Supplied data:
=== Section Start ===
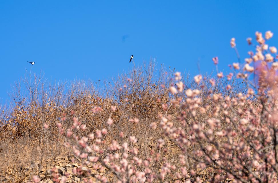 蓝天为幕,粉花缀枝,春燕振翅掠过。 武爱民 摄
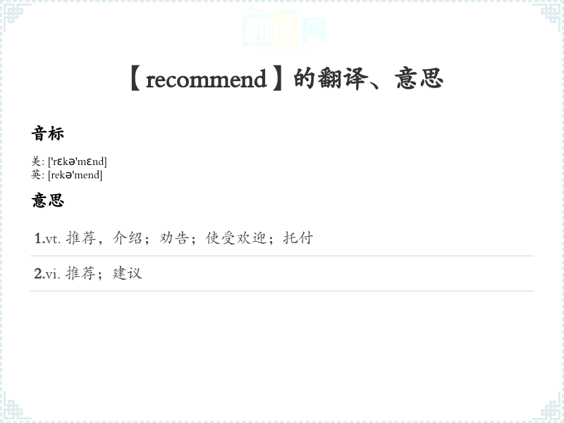 【recommend】是什么意思、字义解释
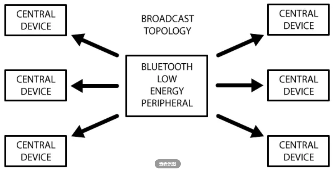 大部分情况下,外设通过广播来让中心设备发现自己,并GATT连接,从而进行更多的数据交换。 也有些情况是不需要连接的,只要外设广播自己的数据即可。用这种方式主要目的是让外围设备,把自己的信息发送给多个中心设备。因为基于GATT连接的方式的,只能是一个外围设备连接一个中心设备。 广播模式的网络拓扑图如下:
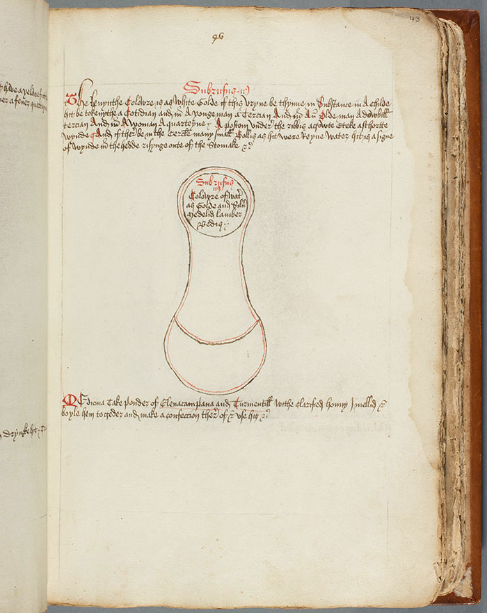 On this page (folio 43 recto) is an illustration of a urine bottle. Medieval doctors would recognize and assess small variations in color and quality in urine samples—a noninvasive diagnostic method which, in a different version, is still in use today. However, in this particular manuscript, the bottles were never colored in to depict the urine samples. The Huntington Library, Art Collections, and Botanical Gardens.
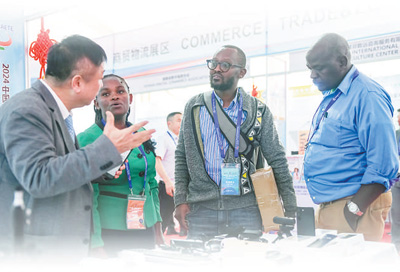 5月9日,在肯尼亞首都內(nèi)羅畢舉辦的中非經(jīng)貿(mào)博覽會走進非洲巡展上,中國參展商與非洲客戶交談?! ⌒氯A社記者 李亞輝攝
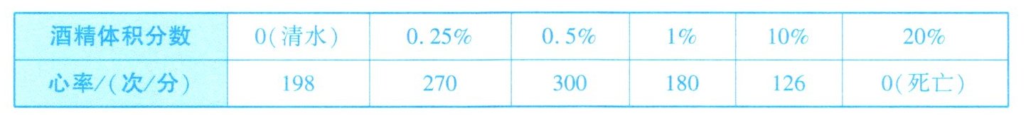 ⑤观察记录不同体积分数的酒精溶液对水蚤心率的影响,实验结果如下表:
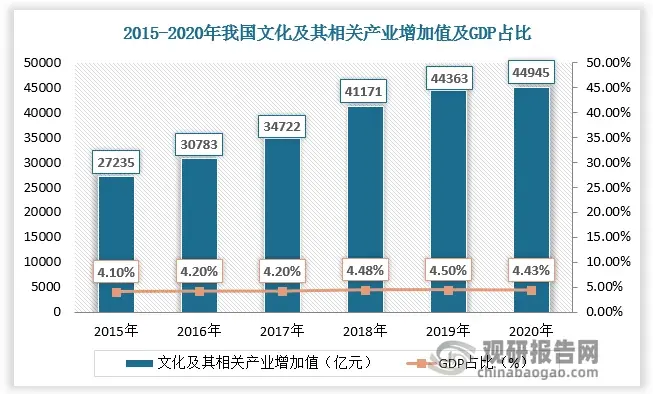 近年来文化及其相关产业增加值不断提高,据数据,2015-2021年我国文化及其相关产业增加值由27235亿元增长至44945亿元,其对国内生产总值的贡献率也不断提升,占比由4.1%增长至4.43%,带动与之相关的文化创意产业营收增长。2016-2021年我国文化及其相关产业营业收入由80314亿元增长至119064亿元,规模以上文化创意设计营业收入由9854亿元增长至19565亿元,占比由12.9%提升至16.4%。
=== Section End ===
Instructions to follow: Set each line of the records down again exactly as it reads. Omit the pictures.

Task output:
 蓝天为幕,粉花缀枝,春燕振翅掠过。 武爱民 摄
 【recommend】是什么意思、字义解释
 大部分情况下,外设通过广播来让中心设备发现自己,并GATT连接,从而进行更多的数据交换。 也有些情况是不需要连接的,只要外设广播自己的数据即可。用这种方式主要目的是让外围设备,把自己的信息发送给多个中心设备。因为基于GATT连接的方式的,只能是一个外围设备连接一个中心设备。 广播模式的网络拓扑图如下:
 On this page (folio 43 recto) is an illustration of a urine bottle. Medieval doctors would recognize and assess small variations in color and quality in urine samples—a noninvasive diagnostic method which, in a different version, is still in use today. However, in this particular manuscript, the bottles were never colored in to depict the urine samples. The Huntington Library, Art Collections, and Botanical Gardens.
 5月9日,在肯尼亞首都內(nèi)羅畢舉辦的中非經(jīng)貿(mào)博覽會走進非洲巡展上,中國參展商與非洲客戶交談?! ⌒氯A社記者 李亞輝攝
 ⑤观察记录不同体积分数的酒精溶液对水蚤心率的影响,实验结果如下表:
 近年来文化及其相关产业增加值不断提高,据数据,2015-2021年我国文化及其相关产业增加值由27235亿元增长至44945亿元,其对国内生产总值的贡献率也不断提升,占比由4.1%增长至4.43%,带动与之相关的文化创意产业营收增长。2016-2021年我国文化及其相关产业营业收入由80314亿元增长至119064亿元,规模以上文化创意设计营业收入由9854亿元增长至19565亿元,占比由12.9%提升至16.4%。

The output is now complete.